— What needs to be done —
Output all the data exactly. Pictures do not belong in the copy.
⟨
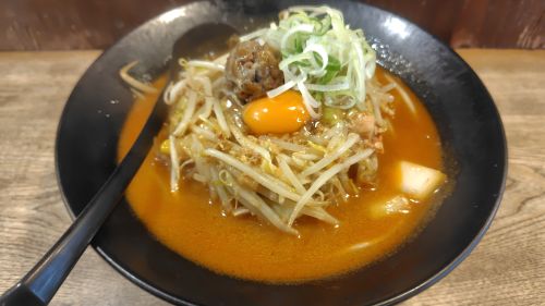 もやし炒めたっぷりの味噌ラーメンに、キムチと納豆と卵黄が乗っかり麺が見えないボリューム。
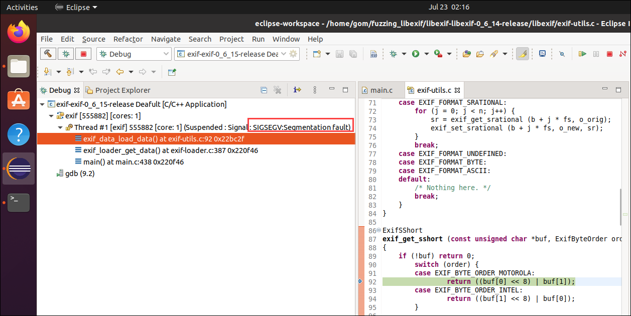 크래시를 분석한다. 앞서서는 gdb를 사용했지만 이번에는 eclipse를 이용하여 분석한다.
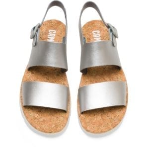 Ασημί γυναικείο πέδιλο από φυσικό δέρμα με εξωτερική σόλα EVA και κλείσιμο με πόρπη.
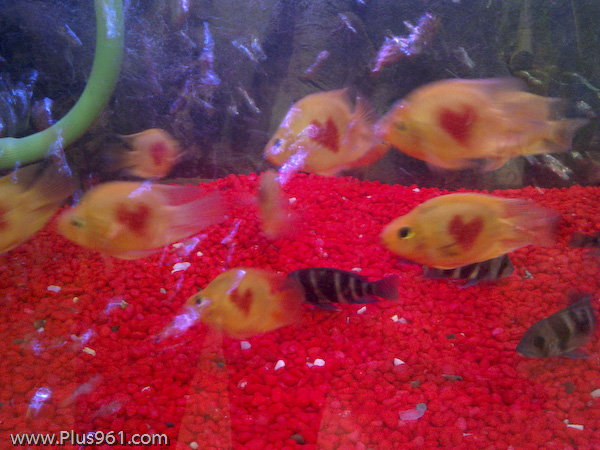 Putting a red ribbon on a small cat or dog is understood, but drawing a red heart on a gold fish is a bit too much… no? But hey, it’s Valentine! Everyone wants to make more money on this day including pet shops!
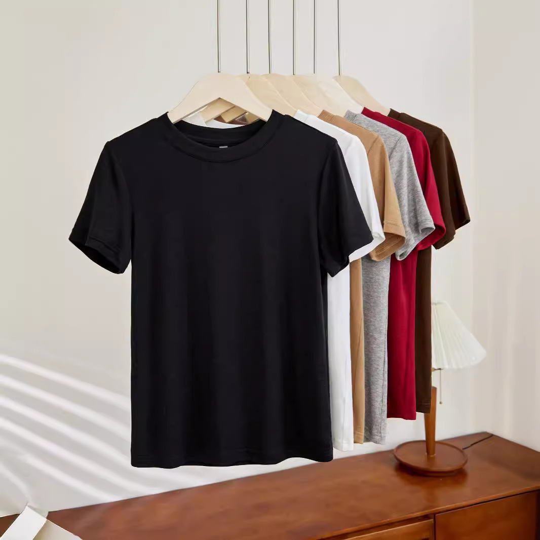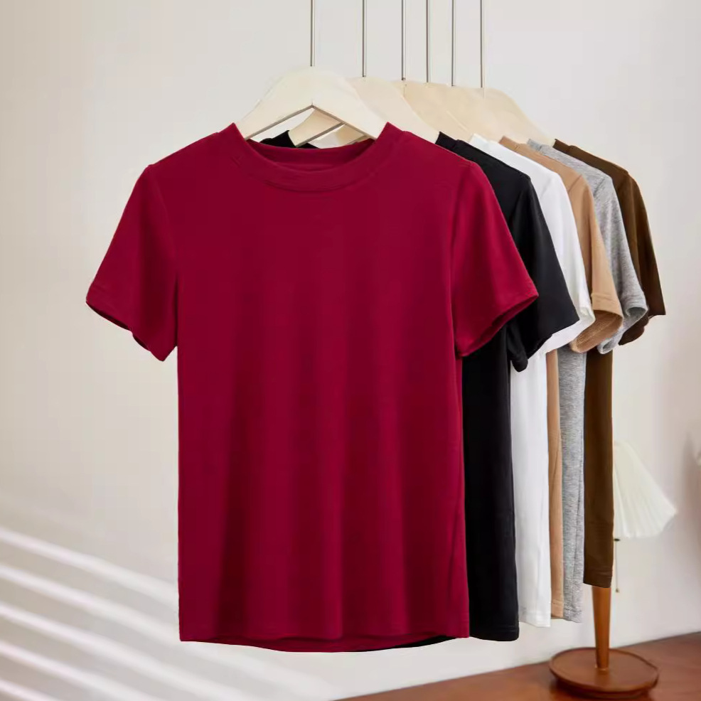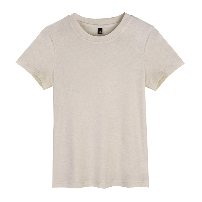 하이 퀄리티 텐셀 울 마스크 티셔츠 여성용 얇은 여름 새로운 Lyocell 라운드 넥 분위기 어깨 탑
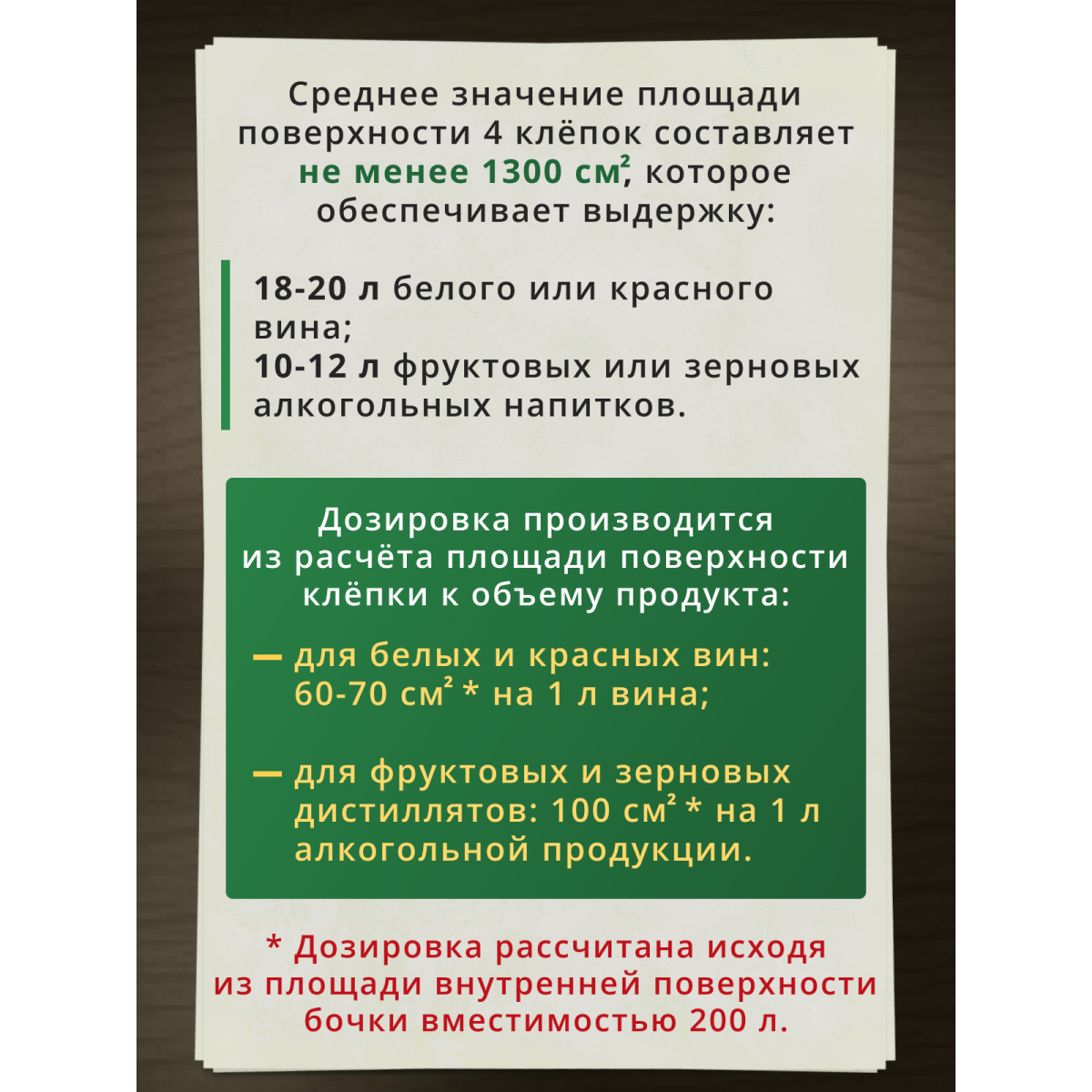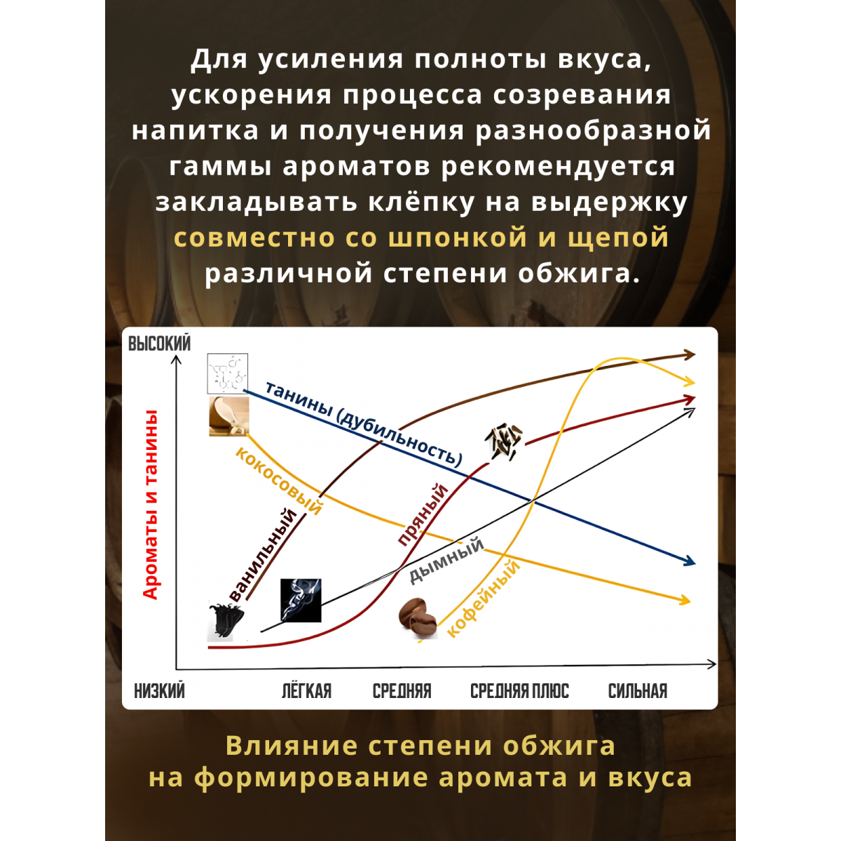 Для усиления полноты вкуса, ускорения процесса созревания напитка и получения разнообразной гаммы ароматов, рекомендуется закладывать клепку на выдержку совместно со шпонкой и щепой различной степени обжига.
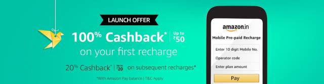 इस ऑफर के तहत कोई भी एमेजॉन का उपभोक्ता पहली बार Amazon की मोबाइल रिचार्ज सेवा का उपयोग करता है तो उसे
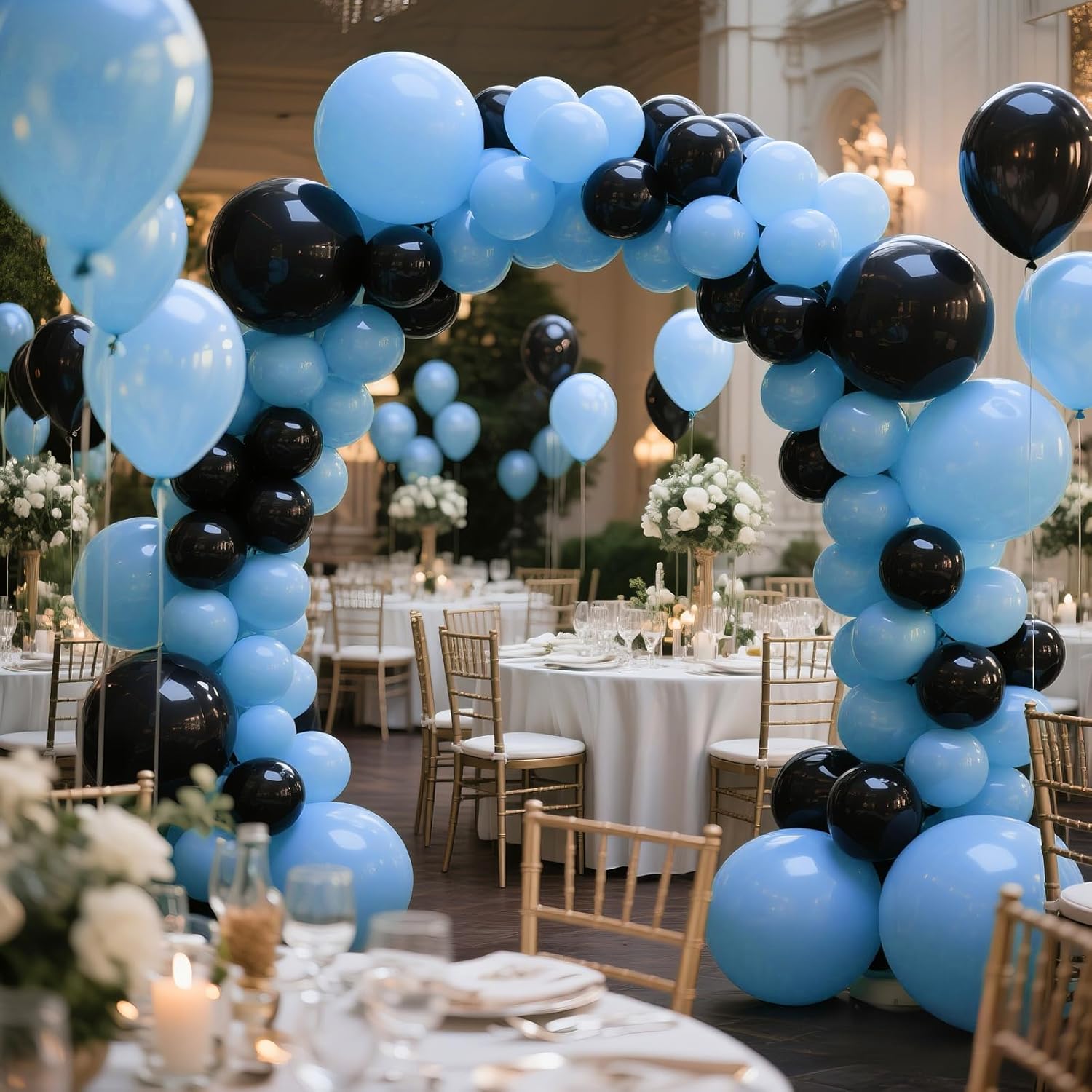 • Baby Blue balloon garland kit: 111Pcs baby Blue balloons pack, including 8 pcs 18 inch balloons, 50 pcs 12 inch balloons, 50 pcs 5 inch balloons, a 5 meter balloon chain, 100 dots of glue dots, a roll of ribbon.
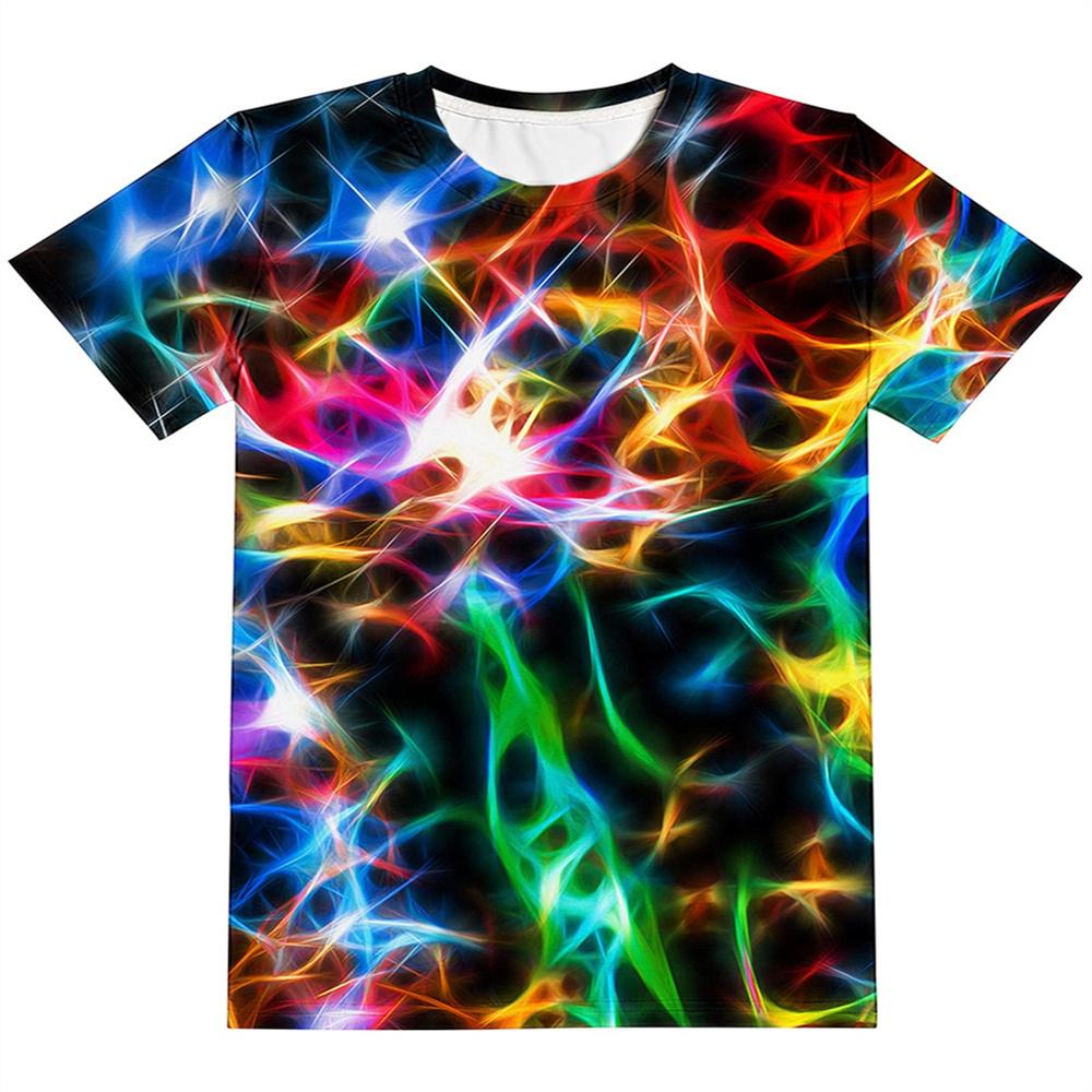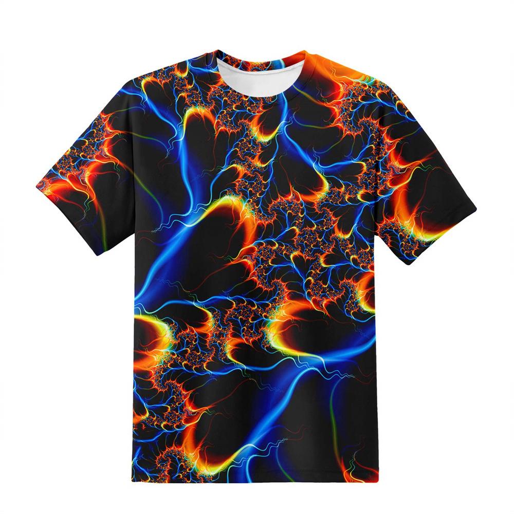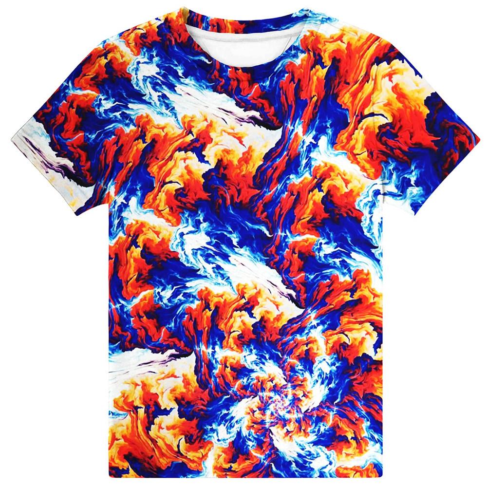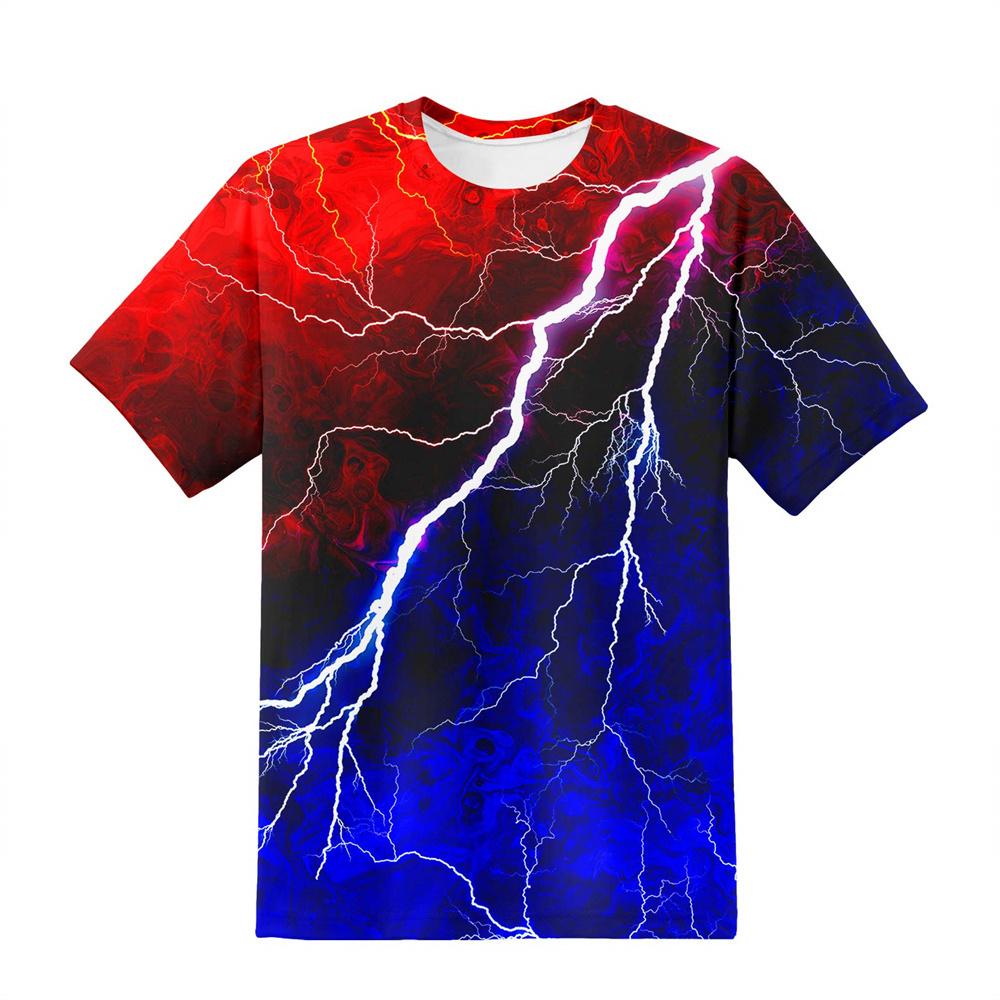 Детские футболки с 3D-принтом, рисунком пламени и молнии, футболки с круглым вырезом, повседневные футболки для мальчиков и девочек, детские футболки
⟩
— Result below —
 もやし炒めたっぷりの味噌ラーメンに、キムチと納豆と卵黄が乗っかり麺が見えないボリューム。
 크래시를 분석한다. 앞서서는 gdb를 사용했지만 이번에는 eclipse를 이용하여 분석한다.
 Ασημί γυναικείο πέδιλο από φυσικό δέρμα με εξωτερική σόλα EVA και κλείσιμο με πόρπη.
 Putting a red ribbon on a small cat or dog is understood, but drawing a red heart on a gold fish is a bit too much… no? But hey, it’s Valentine! Everyone wants to make more money on this day including pet shops!
 하이 퀄리티 텐셀 울 마스크 티셔츠 여성용 얇은 여름 새로운 Lyocell 라운드 넥 분위기 어깨 탑
 Для усиления полноты вкуса, ускорения процесса созревания напитка и получения разнообразной гаммы ароматов, рекомендуется закладывать клепку на выдержку совместно со шпонкой и щепой различной степени обжига.
 इस ऑफर के तहत कोई भी एमेजॉन का उपभोक्ता पहली बार Amazon की मोबाइल रिचार्ज सेवा का उपयोग करता है तो उसे
 • Baby Blue balloon garland kit: 111Pcs baby Blue balloons pack, including 8 pcs 18 inch balloons, 50 pcs 12 inch balloons, 50 pcs 5 inch balloons, a 5 meter balloon chain, 100 dots of glue dots, a roll of ribbon.
 Детские футболки с 3D-принтом, рисунком пламени и молнии, футболки с круглым вырезом, повседневные футболки для мальчиков и девочек, детские футболки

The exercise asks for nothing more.